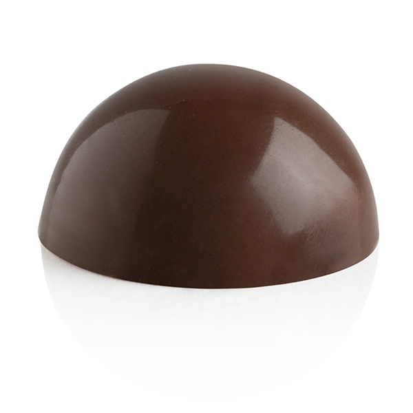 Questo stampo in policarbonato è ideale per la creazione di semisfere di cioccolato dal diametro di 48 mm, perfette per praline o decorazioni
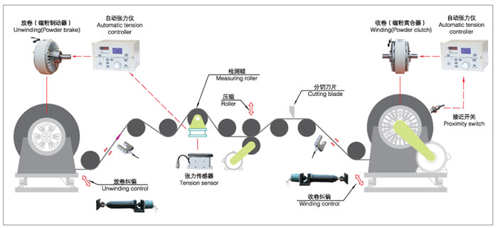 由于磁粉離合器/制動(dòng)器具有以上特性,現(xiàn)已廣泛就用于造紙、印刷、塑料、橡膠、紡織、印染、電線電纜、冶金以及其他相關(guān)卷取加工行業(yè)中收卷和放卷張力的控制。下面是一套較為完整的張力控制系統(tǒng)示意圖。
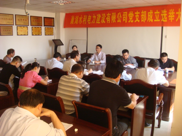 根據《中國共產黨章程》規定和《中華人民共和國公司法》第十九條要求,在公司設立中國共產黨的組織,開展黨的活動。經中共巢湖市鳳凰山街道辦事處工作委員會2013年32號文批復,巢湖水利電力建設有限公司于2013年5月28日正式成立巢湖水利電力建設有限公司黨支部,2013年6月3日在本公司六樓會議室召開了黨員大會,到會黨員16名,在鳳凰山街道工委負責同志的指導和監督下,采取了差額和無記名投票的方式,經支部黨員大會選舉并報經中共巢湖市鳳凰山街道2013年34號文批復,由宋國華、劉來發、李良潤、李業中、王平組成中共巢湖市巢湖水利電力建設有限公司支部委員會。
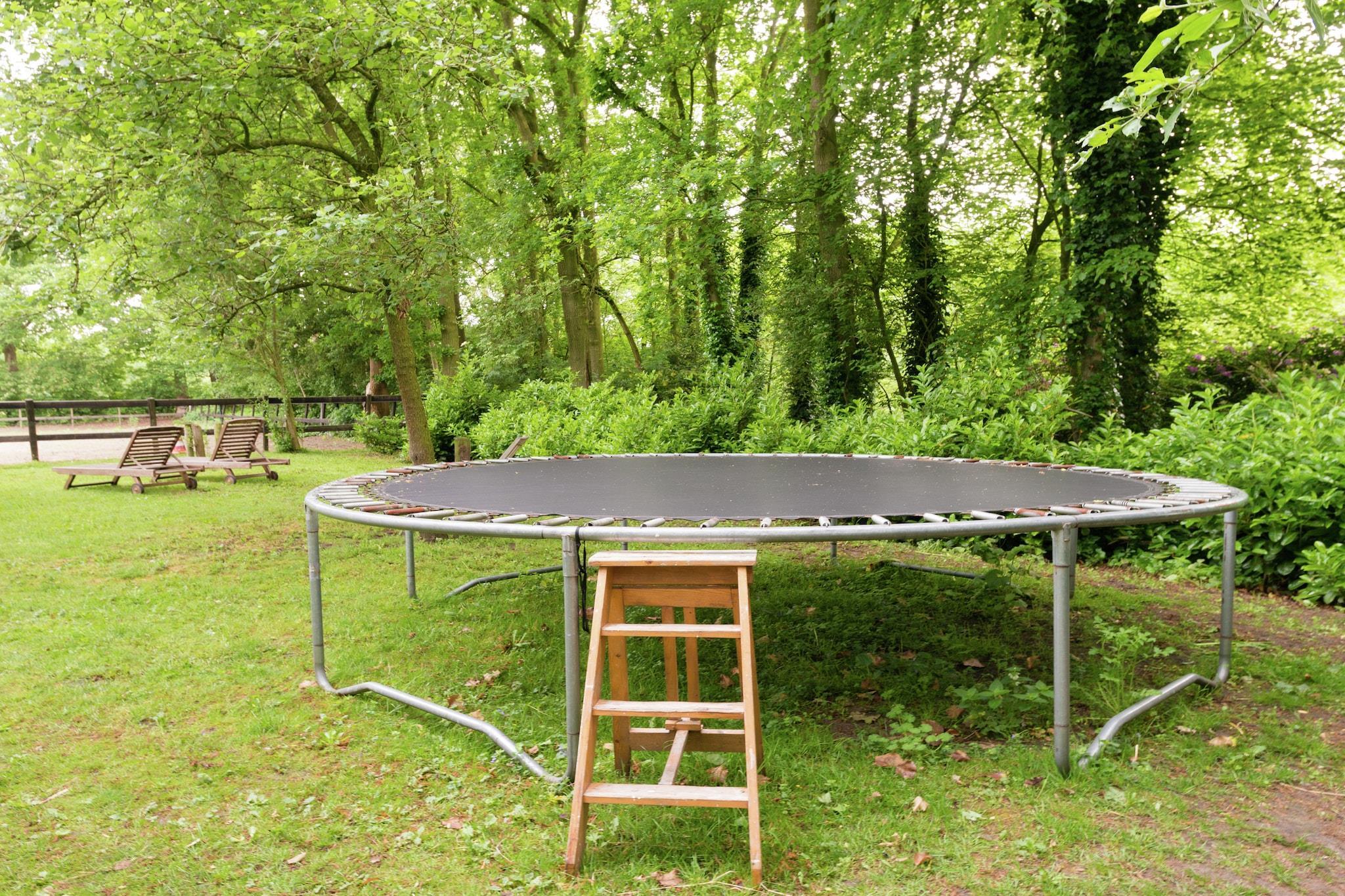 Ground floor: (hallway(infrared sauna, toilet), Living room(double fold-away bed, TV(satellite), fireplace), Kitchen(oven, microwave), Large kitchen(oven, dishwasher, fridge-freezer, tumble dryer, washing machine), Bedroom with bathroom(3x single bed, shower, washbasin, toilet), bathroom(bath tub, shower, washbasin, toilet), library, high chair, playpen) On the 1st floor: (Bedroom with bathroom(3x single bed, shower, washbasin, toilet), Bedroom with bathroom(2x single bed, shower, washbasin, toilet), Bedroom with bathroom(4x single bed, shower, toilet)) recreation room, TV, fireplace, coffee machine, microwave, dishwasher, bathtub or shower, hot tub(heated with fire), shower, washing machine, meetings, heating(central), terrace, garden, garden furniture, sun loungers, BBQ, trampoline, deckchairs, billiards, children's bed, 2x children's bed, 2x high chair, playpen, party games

## TASK PROMPT
Using the listing above, set down exactly each line from the one containing "由于磁粉離合器/制動(dòn" through the final line, and leave out pictures.

## SOLVED PROBLEM
 由于磁粉離合器/制動(dòng)器具有以上特性,現(xiàn)已廣泛就用于造紙、印刷、塑料、橡膠、紡織、印染、電線電纜、冶金以及其他相關(guān)卷取加工行業(yè)中收卷和放卷張力的控制。下面是一套較為完整的張力控制系統(tǒng)示意圖。
 根據《中國共產黨章程》規定和《中華人民共和國公司法》第十九條要求,在公司設立中國共產黨的組織,開展黨的活動。經中共巢湖市鳳凰山街道辦事處工作委員會2013年32號文批復,巢湖水利電力建設有限公司于2013年5月28日正式成立巢湖水利電力建設有限公司黨支部,2013年6月3日在本公司六樓會議室召開了黨員大會,到會黨員16名,在鳳凰山街道工委負責同志的指導和監督下,采取了差額和無記名投票的方式,經支部黨員大會選舉并報經中共巢湖市鳳凰山街道2013年34號文批復,由宋國華、劉來發、李良潤、李業中、王平組成中共巢湖市巢湖水利電力建設有限公司支部委員會。
 Ground floor: (hallway(infrared sauna, toilet), Living room(double fold-away bed, TV(satellite), fireplace), Kitchen(oven, microwave), Large kitchen(oven, dishwasher, fridge-freezer, tumble dryer, washing machine), Bedroom with bathroom(3x single bed, shower, washbasin, toilet), bathroom(bath tub, shower, washbasin, toilet), library, high chair, playpen) On the 1st floor: (Bedroom with bathroom(3x single bed, shower, washbasin, toilet), Bedroom with bathroom(2x single bed, shower, washbasin, toilet), Bedroom with bathroom(4x single bed, shower, toilet)) recreation room, TV, fireplace, coffee machine, microwave, dishwasher, bathtub or shower, hot tub(heated with fire), shower, washing machine, meetings, heating(central), terrace, garden, garden furniture, sun loungers, BBQ, trampoline, deckchairs, billiards, children's bed, 2x children's bed, 2x high chair, playpen, party games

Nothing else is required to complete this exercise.